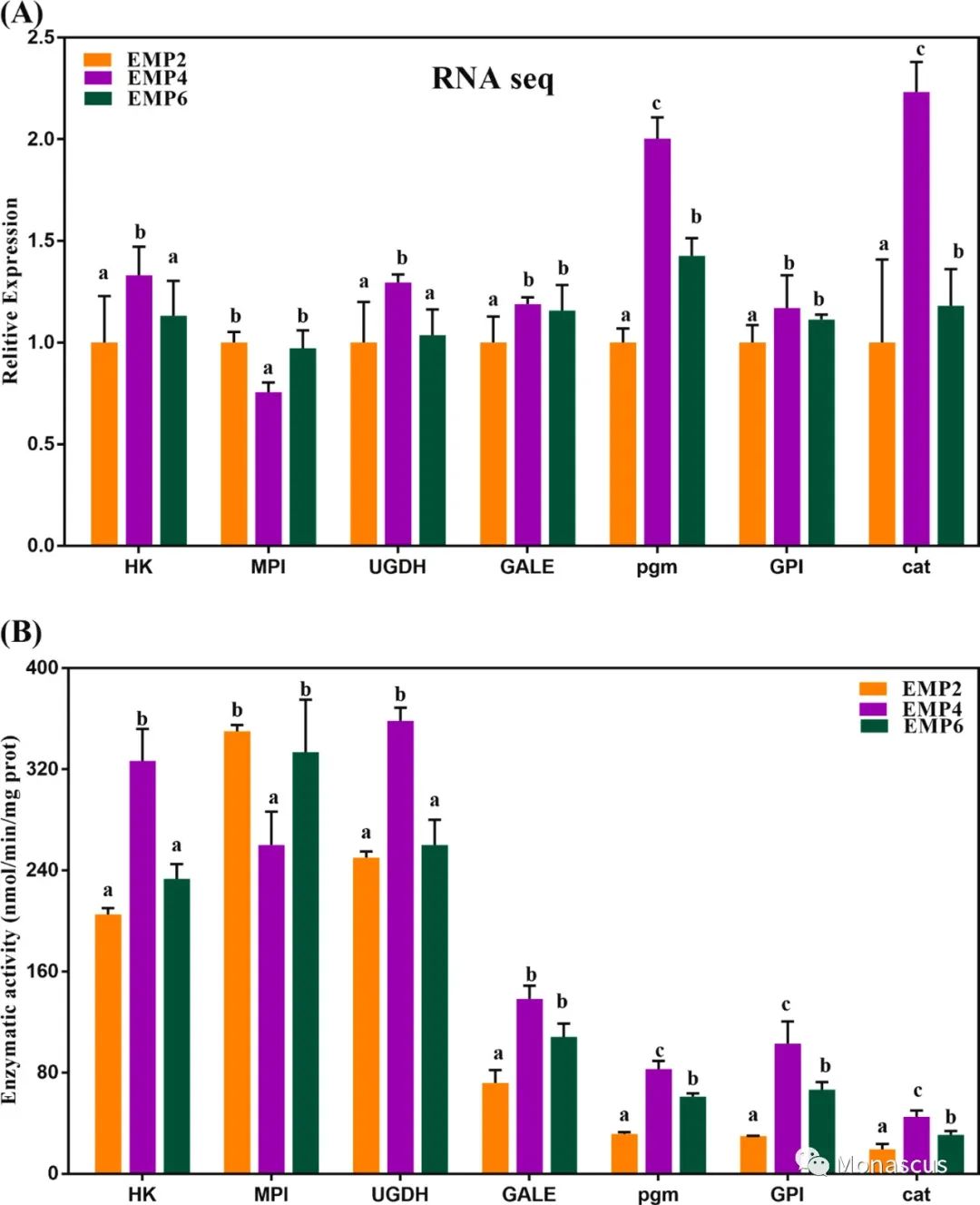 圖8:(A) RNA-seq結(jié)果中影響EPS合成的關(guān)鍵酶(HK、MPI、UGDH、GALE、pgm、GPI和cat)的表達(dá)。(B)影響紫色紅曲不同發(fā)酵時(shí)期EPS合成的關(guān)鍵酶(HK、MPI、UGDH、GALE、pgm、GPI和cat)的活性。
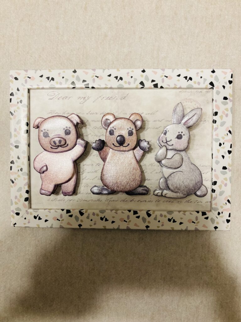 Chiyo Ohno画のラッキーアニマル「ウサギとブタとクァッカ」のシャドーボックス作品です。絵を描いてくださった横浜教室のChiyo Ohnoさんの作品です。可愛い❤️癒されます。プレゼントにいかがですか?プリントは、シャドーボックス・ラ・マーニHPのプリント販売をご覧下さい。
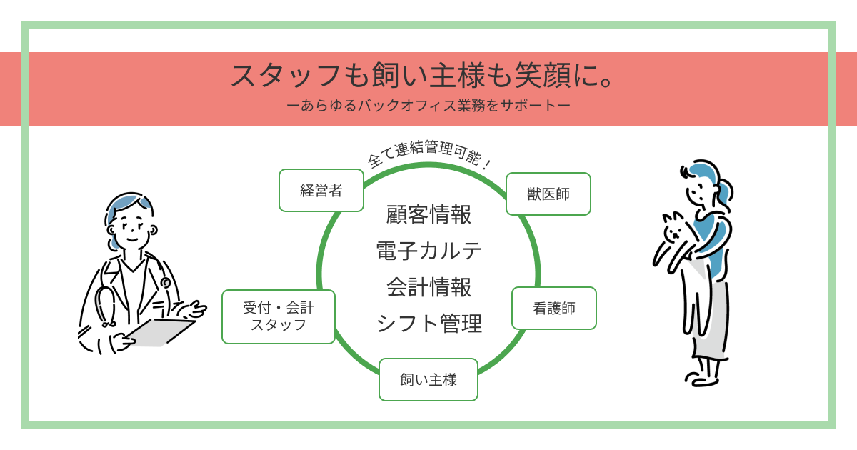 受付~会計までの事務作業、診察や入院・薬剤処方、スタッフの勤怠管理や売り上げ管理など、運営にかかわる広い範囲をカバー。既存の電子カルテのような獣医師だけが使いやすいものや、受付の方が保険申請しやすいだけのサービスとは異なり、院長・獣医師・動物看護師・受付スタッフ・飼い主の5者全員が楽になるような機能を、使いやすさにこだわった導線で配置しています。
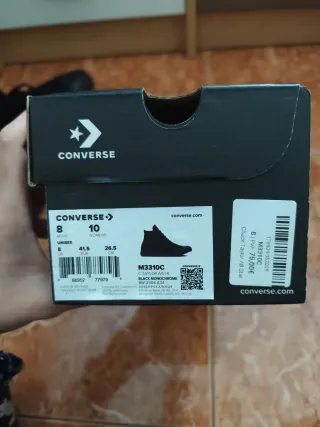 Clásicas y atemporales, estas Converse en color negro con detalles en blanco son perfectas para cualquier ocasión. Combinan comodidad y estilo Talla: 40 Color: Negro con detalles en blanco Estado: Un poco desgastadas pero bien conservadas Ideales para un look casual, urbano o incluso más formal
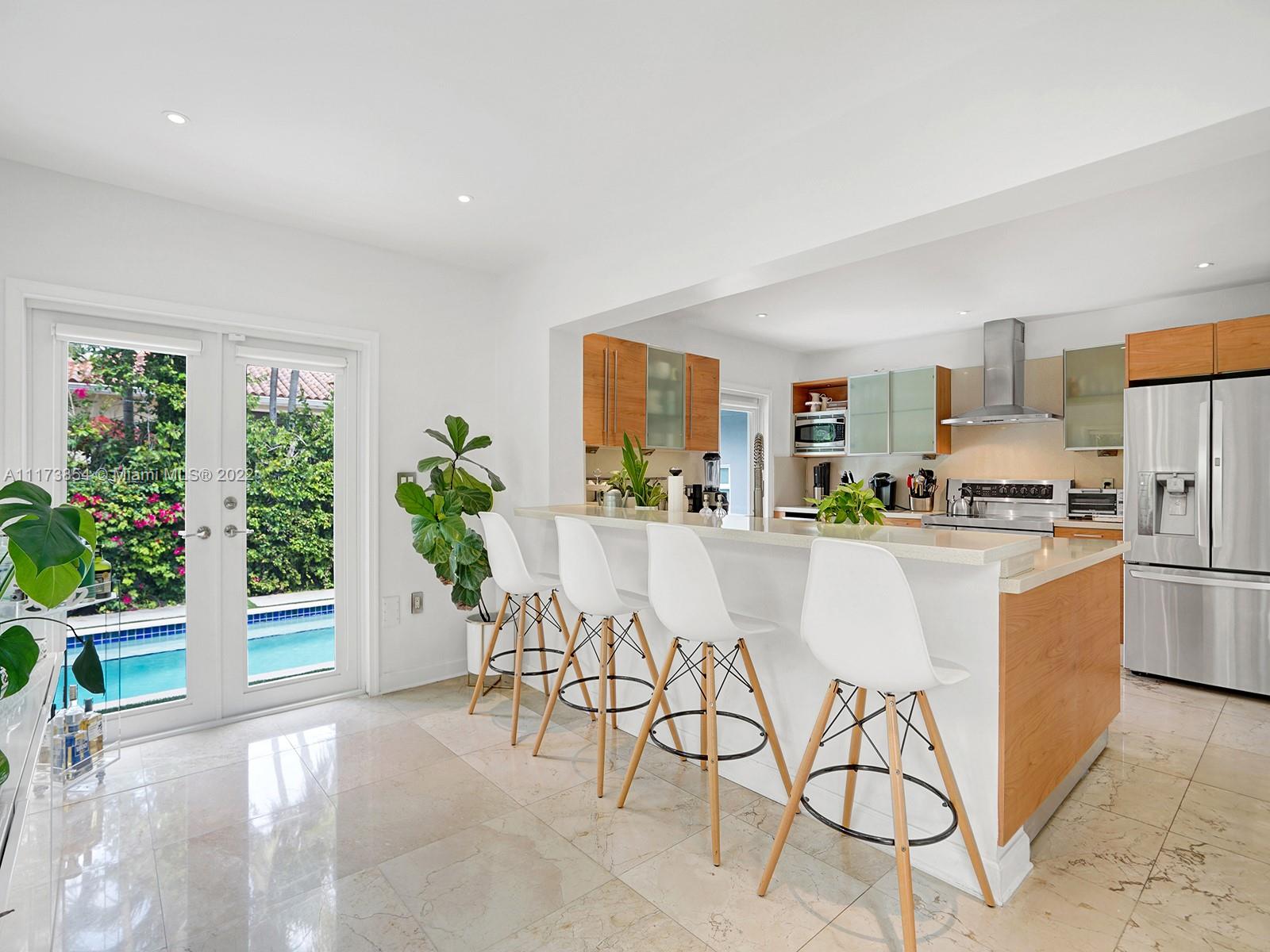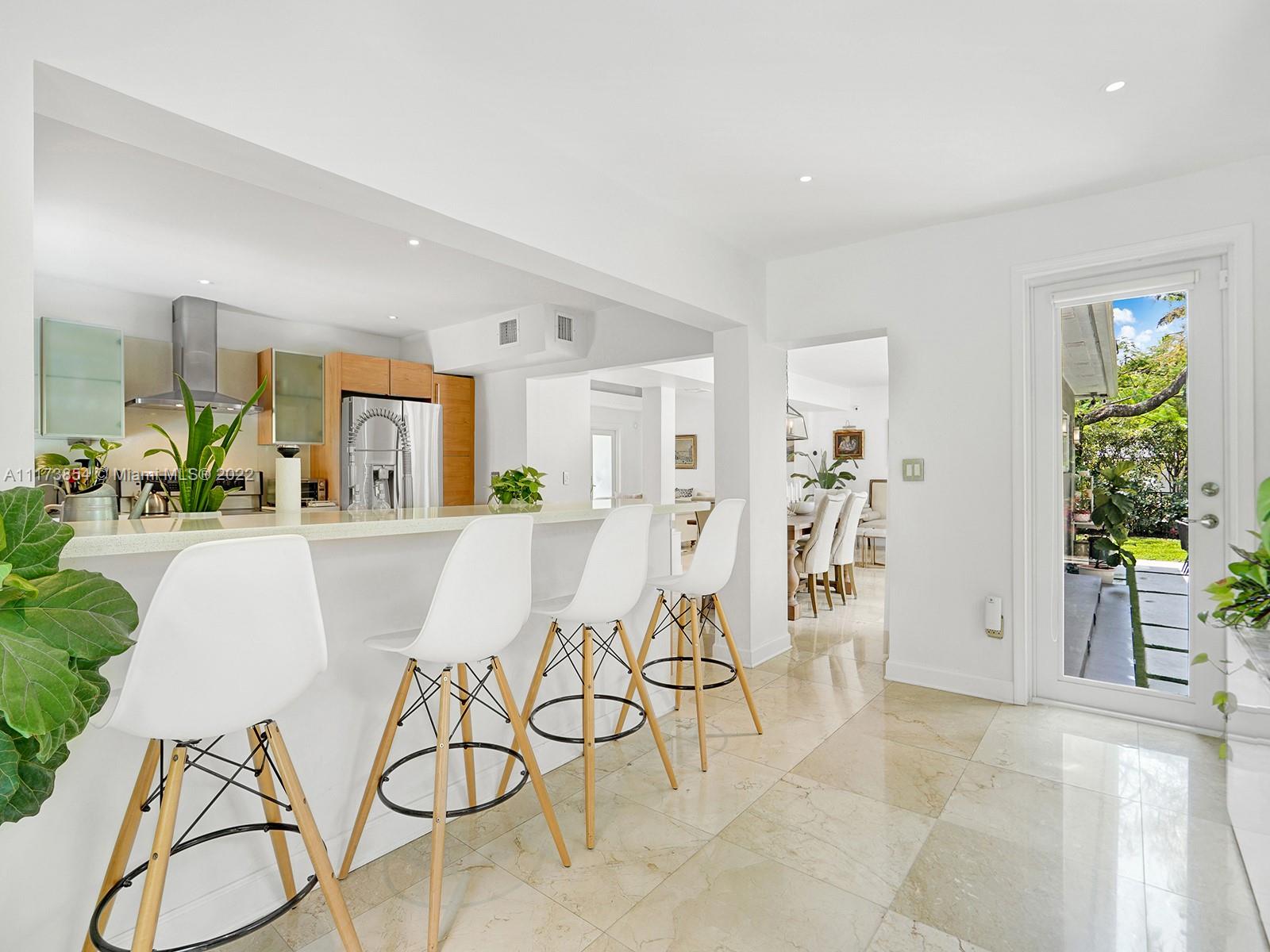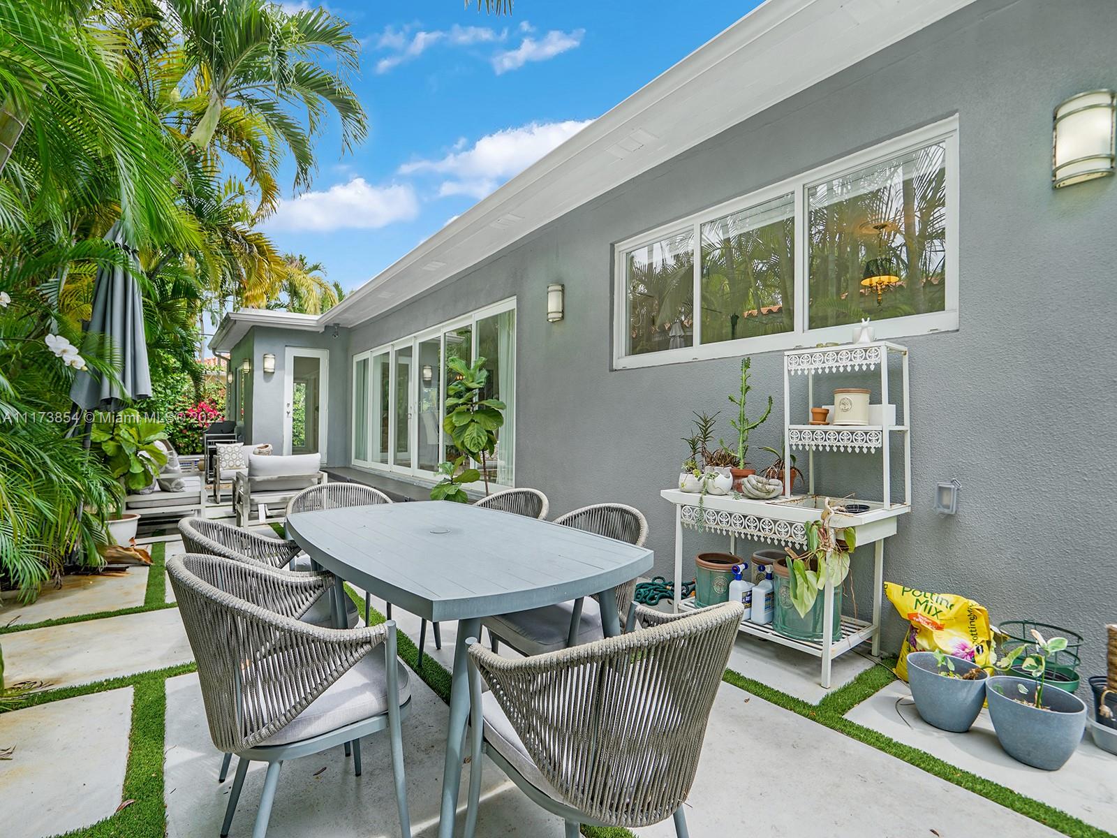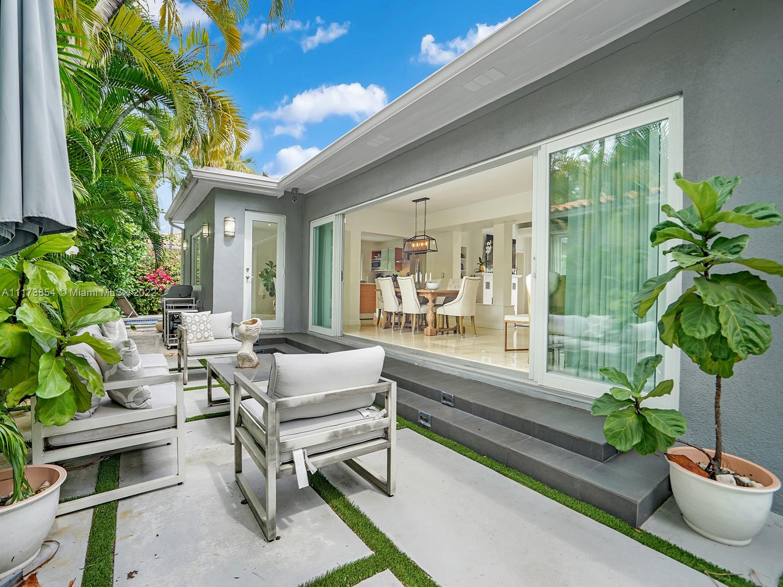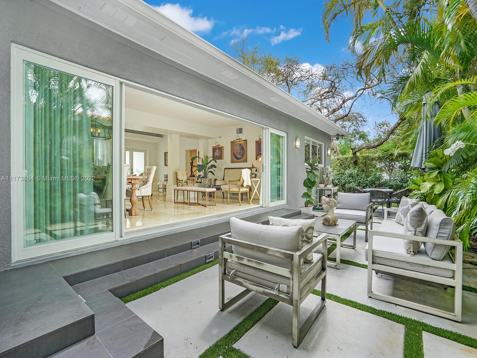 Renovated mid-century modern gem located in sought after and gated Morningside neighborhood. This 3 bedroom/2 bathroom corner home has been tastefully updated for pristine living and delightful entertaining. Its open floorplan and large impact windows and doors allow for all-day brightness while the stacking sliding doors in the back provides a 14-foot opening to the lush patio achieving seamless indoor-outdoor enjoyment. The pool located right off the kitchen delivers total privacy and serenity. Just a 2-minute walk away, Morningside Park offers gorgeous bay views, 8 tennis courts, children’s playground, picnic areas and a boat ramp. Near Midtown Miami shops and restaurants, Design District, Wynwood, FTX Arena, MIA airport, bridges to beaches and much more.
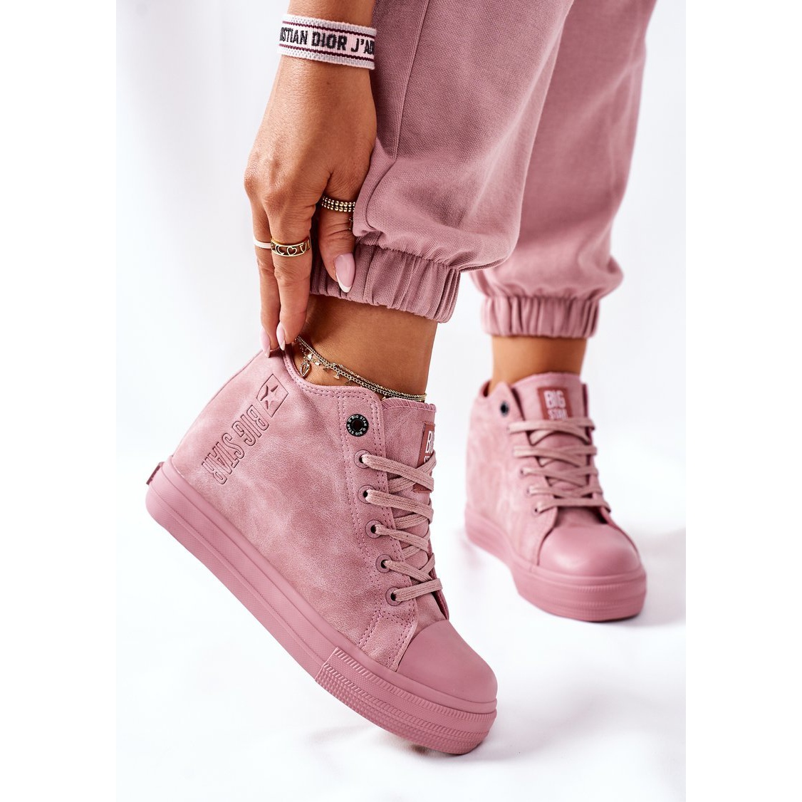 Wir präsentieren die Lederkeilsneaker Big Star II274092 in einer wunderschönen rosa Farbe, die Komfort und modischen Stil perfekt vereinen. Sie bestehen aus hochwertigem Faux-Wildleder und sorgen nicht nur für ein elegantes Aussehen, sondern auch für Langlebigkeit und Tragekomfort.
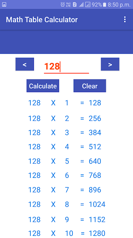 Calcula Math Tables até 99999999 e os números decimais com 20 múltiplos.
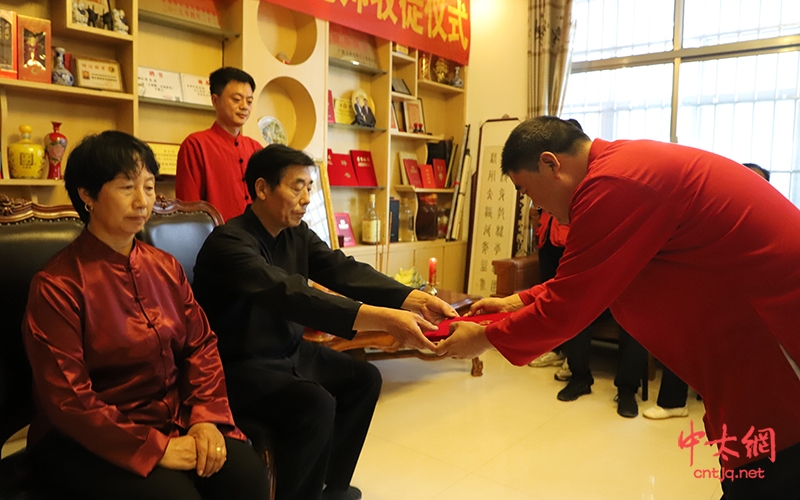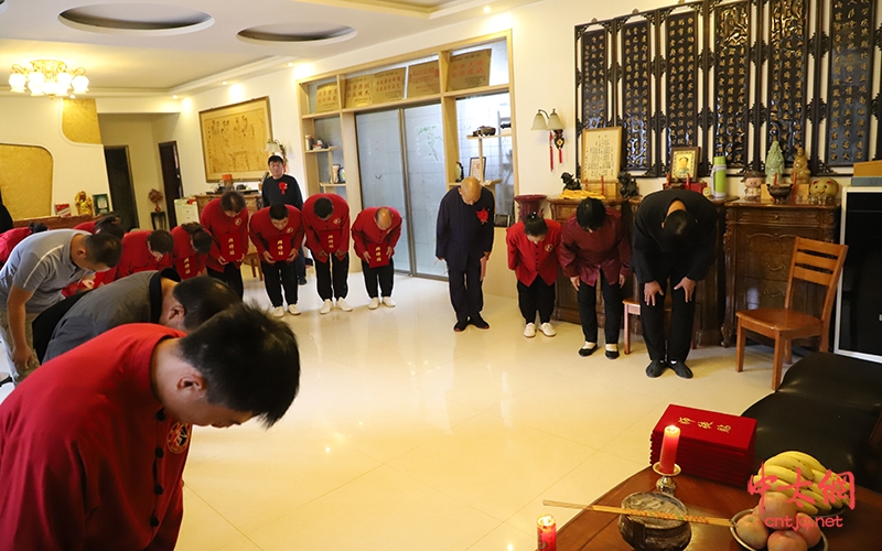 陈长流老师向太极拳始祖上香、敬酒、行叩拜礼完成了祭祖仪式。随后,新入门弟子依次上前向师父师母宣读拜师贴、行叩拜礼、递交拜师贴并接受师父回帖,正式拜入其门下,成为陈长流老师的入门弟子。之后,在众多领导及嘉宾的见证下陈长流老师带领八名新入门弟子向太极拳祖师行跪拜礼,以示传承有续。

■ **EXERCISE AIM**
Without the pictures, give all the records above again exactly.

■ **RESPONSE FOR THIS EXERCISE**
 圖8:(A) RNA-seq結(jié)果中影響EPS合成的關(guān)鍵酶(HK、MPI、UGDH、GALE、pgm、GPI和cat)的表達(dá)。(B)影響紫色紅曲不同發(fā)酵時(shí)期EPS合成的關(guān)鍵酶(HK、MPI、UGDH、GALE、pgm、GPI和cat)的活性。
 Chiyo Ohno画のラッキーアニマル「ウサギとブタとクァッカ」のシャドーボックス作品です。絵を描いてくださった横浜教室のChiyo Ohnoさんの作品です。可愛い❤️癒されます。プレゼントにいかがですか?プリントは、シャドーボックス・ラ・マーニHPのプリント販売をご覧下さい。
 受付~会計までの事務作業、診察や入院・薬剤処方、スタッフの勤怠管理や売り上げ管理など、運営にかかわる広い範囲をカバー。既存の電子カルテのような獣医師だけが使いやすいものや、受付の方が保険申請しやすいだけのサービスとは異なり、院長・獣医師・動物看護師・受付スタッフ・飼い主の5者全員が楽になるような機能を、使いやすさにこだわった導線で配置しています。
 Clásicas y atemporales, estas Converse en color negro con detalles en blanco son perfectas para cualquier ocasión. Combinan comodidad y estilo Talla: 40 Color: Negro con detalles en blanco Estado: Un poco desgastadas pero bien conservadas Ideales para un look casual, urbano o incluso más formal
 Renovated mid-century modern gem located in sought after and gated Morningside neighborhood. This 3 bedroom/2 bathroom corner home has been tastefully updated for pristine living and delightful entertaining. Its open floorplan and large impact windows and doors allow for all-day brightness while the stacking sliding doors in the back provides a 14-foot opening to the lush patio achieving seamless indoor-outdoor enjoyment. The pool located right off the kitchen delivers total privacy and serenity. Just a 2-minute walk away, Morningside Park offers gorgeous bay views, 8 tennis courts, children’s playground, picnic areas and a boat ramp. Near Midtown Miami shops and restaurants, Design District, Wynwood, FTX Arena, MIA airport, bridges to beaches and much more.
 Wir präsentieren die Lederkeilsneaker Big Star II274092 in einer wunderschönen rosa Farbe, die Komfort und modischen Stil perfekt vereinen. Sie bestehen aus hochwertigem Faux-Wildleder und sorgen nicht nur für ein elegantes Aussehen, sondern auch für Langlebigkeit und Tragekomfort.
 Calcula Math Tables até 99999999 e os números decimais com 20 múltiplos.
 陈长流老师向太极拳始祖上香、敬酒、行叩拜礼完成了祭祖仪式。随后,新入门弟子依次上前向师父师母宣读拜师贴、行叩拜礼、递交拜师贴并接受师父回帖,正式拜入其门下,成为陈长流老师的入门弟子。之后,在众多领导及嘉宾的见证下陈长流老师带领八名新入门弟子向太极拳祖师行跪拜礼,以示传承有续。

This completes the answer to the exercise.